* **Task statement**
Take the listing below and print exactly the lines starting at the line containing "图为摩洛哥发生强烈地震后,人们聚集在街道上。" and ending at the line containing "развития не просто", both ends included, and no others.

* **Material for this task**

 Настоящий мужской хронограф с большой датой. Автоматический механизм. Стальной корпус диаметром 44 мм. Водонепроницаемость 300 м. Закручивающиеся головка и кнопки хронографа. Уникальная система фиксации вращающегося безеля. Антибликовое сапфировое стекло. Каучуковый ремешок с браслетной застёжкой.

---

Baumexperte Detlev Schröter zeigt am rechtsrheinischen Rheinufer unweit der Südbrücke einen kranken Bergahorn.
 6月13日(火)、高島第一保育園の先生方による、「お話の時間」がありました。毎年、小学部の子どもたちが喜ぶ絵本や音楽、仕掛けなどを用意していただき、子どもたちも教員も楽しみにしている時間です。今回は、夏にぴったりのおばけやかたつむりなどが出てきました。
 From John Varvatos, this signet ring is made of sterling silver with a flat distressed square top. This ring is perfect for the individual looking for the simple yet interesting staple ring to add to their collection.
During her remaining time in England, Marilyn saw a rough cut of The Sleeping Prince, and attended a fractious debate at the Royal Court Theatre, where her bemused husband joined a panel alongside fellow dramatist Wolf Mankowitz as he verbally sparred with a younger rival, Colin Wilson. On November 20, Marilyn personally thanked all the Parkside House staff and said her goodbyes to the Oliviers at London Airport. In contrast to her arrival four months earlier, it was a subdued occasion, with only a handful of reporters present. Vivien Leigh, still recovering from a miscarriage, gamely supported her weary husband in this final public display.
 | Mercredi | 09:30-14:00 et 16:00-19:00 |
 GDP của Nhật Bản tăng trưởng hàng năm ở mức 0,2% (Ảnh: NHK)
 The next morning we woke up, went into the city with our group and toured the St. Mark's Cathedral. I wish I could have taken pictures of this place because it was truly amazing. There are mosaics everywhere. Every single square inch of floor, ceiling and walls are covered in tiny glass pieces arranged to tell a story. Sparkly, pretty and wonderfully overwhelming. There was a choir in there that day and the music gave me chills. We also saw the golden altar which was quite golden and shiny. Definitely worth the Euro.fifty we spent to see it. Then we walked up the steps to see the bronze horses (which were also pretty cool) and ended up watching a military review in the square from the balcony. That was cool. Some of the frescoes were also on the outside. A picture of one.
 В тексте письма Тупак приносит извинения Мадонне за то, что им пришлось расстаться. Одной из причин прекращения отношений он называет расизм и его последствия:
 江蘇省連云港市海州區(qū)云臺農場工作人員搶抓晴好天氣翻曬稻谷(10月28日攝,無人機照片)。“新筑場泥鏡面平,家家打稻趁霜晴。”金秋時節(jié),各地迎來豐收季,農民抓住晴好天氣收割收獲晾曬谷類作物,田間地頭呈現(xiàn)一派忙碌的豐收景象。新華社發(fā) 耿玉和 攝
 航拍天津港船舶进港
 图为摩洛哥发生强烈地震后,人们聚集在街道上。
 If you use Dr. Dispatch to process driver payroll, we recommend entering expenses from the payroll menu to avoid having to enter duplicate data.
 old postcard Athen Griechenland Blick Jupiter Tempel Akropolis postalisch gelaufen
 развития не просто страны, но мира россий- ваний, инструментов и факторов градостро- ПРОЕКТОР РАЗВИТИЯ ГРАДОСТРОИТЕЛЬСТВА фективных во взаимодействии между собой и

* **Response below**
 图为摩洛哥发生强烈地震后,人们聚集在街道上。
 If you use Dr. Dispatch to process driver payroll, we recommend entering expenses from the payroll menu to avoid having to enter duplicate data.
 old postcard Athen Griechenland Blick Jupiter Tempel Akropolis postalisch gelaufen
 развития не просто страны, но мира россий- ваний, инструментов и факторов градостро- ПРОЕКТОР РАЗВИТИЯ ГРАДОСТРОИТЕЛЬСТВА фективных во взаимодействии между собой и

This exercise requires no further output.